Non-Muslims in Bangladesh:How Do We Treat Our Minorities? Time for Some Honest Answers

Tariq Ali

Posted Jul 24, 2005      •Permalink      • Printer-Friendly Version
Bookmark and Share

Non-Muslims in Bangladesh:How Do We Treat Our Minorities? Time for Some Honest Answers

Tariq Ali

A month or so ago, I was in Kurigram and talking to an NGO worker. She was young and pretty and although the ostentatious sindur was not there on her sinthi, the white sankha on her hand told me that she was married. She proudly told me that she is considered to be the best worker in heroffice, and I could see that she possessed those ingredients of management that setleaders apart from the others. The reason she had started this conversation, it turned out, was that she was asking for my opinion over a dilemma that she was going through. She was, in reality echoing the anguished question that has rankled the minds of Hindus all over Bangladesh since 1992. “Dada, we are still young and now is the appropriate time to make the choice of whether to go over to India or not. Will we be able to live here, in Bangladesh?”

She had not asked me the question that would normally occupy the mind of a young person, out to make her presence felt in the world. She had not asked whether she will one day make it to the top of the office she worked in, or how she could help her husband in turning around the family business or whether they could one day become the pivotal players in the Kurigram social circuit. “We are being given subtle messages that our neighbours would be happy to buy my husband’s property in the town. There is pressure as well from our relatives in West Dinajpur to cross over and settle there,” she said.

I remembered that as a sequel to the Babri Masjid demolition, when there was widespread violence on the Hindu community here, the same anguished question was raised at a Conference of the Rabindra sangeet Sammilan Parishad in Dhaka. One of the responses, from an intellectual of the country was a tearful appeal from the stage. He concluded that in a Bangladesh bathed with the combined blood of its Hindu and Muslim children, things were bound to get better and that they should stick it out for just a little more time. The appeal was so passionately and intensely made that it induced sympathetic tears in many of those who were in the auditorium. Ten years later, tears welled up in the eyes of this dada as well, as he faced that same question from this young and beautiful woman. Even if she was able to ignore the “gentle” suggestion of selling her homestead, would she not, ten years from today, still be strapped to her desk as a programme officer, as she watched the entire retinue of her Muslim colleagues, one after the other, bypass her—yes, even in an NGO setting, let alone the government?

This is not a story cooked up to provoke a controversy. This is the brutal reality for one significant chunk of the Bangladesh population; the denial of rights that the state had promised him or her in 1971. The time has come for the majority community to face this issue squarely and honestly.
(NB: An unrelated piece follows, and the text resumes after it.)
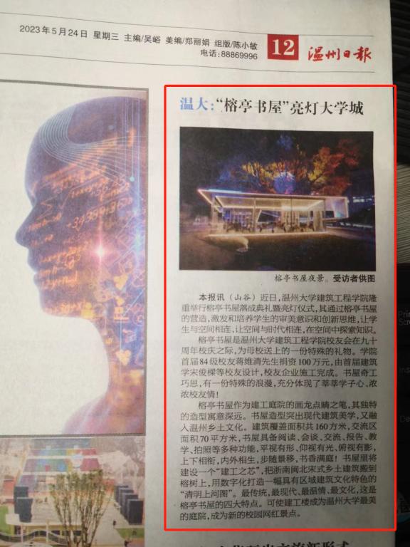 榕亭书屋作为建工庭院的画龙点睛之笔,其独特的造型寓意深远。书屋造型突出现代建筑美学,又融入温州乡土文化。建筑覆盖面积共160平方米,景观面积约500平方米,建筑采用松木桩基础、钢结构主体、外立面装饰、泛光照明、附属景观绿化等。项目由浙江至诚建设有限公司承建,书屋具备阅读、会谈、交流、报告、教学、拍照等多种功能,平视有形、仰视有光、俯视有影,上下相衔,内外相生,步随景移,书香满庭!书屋里将建设一个“建工之芯”,把浙南闽北宋式乡土建筑搬到榕树上,用数字化打造一幅具有区域建筑文化特色的“清明上河图”!最传统,最现代,最温情,最文化!这是榕亭书屋的四大特点!可使建工楼成为太阳集团最美的庭院,成为新的校园网红景点。

This young lady in Kurigram could thank her lucky stars that she was not Shilpi Chakraborty. For Shilpi, a 14-year-old student in a village school in Arua upazila of Manikganj, the time clock reminding her that she did not belong here, had already started ticking. Their neighbour had claimed a part of her father’s property. The father, in turn, had brought the Thana Amin whome asured the land and confirmed that the land was theirs and placed demarcating pillars in the presence of the village elders. A few days later, the pillars were found missing but under the stern stare of that ‘eternal guilt’, Shilpi’s father did not dare raise a voice. On the night of April 26, she was sleeping between her mother and father. The neighbour’s son and seven or eight other accomplices forced open the door, tied the father to a tree, dragged the mother outside and then four of them gang-raped her. When they left at dawn, they did not of course, forget to defile the whatever excuse of a shiv-mandir that stood in the premises. When we saw her in her spartan but spotlessly clean room, her head was drawn down in shame and she was answering in monosyllables. All that her mother wanted us to do was to arrange for some sort of a marriage for her because lajja would never again let her take the two km walk to school. Her father was devastated, because like the daughter, his own prestige as the village priest had been destroyed.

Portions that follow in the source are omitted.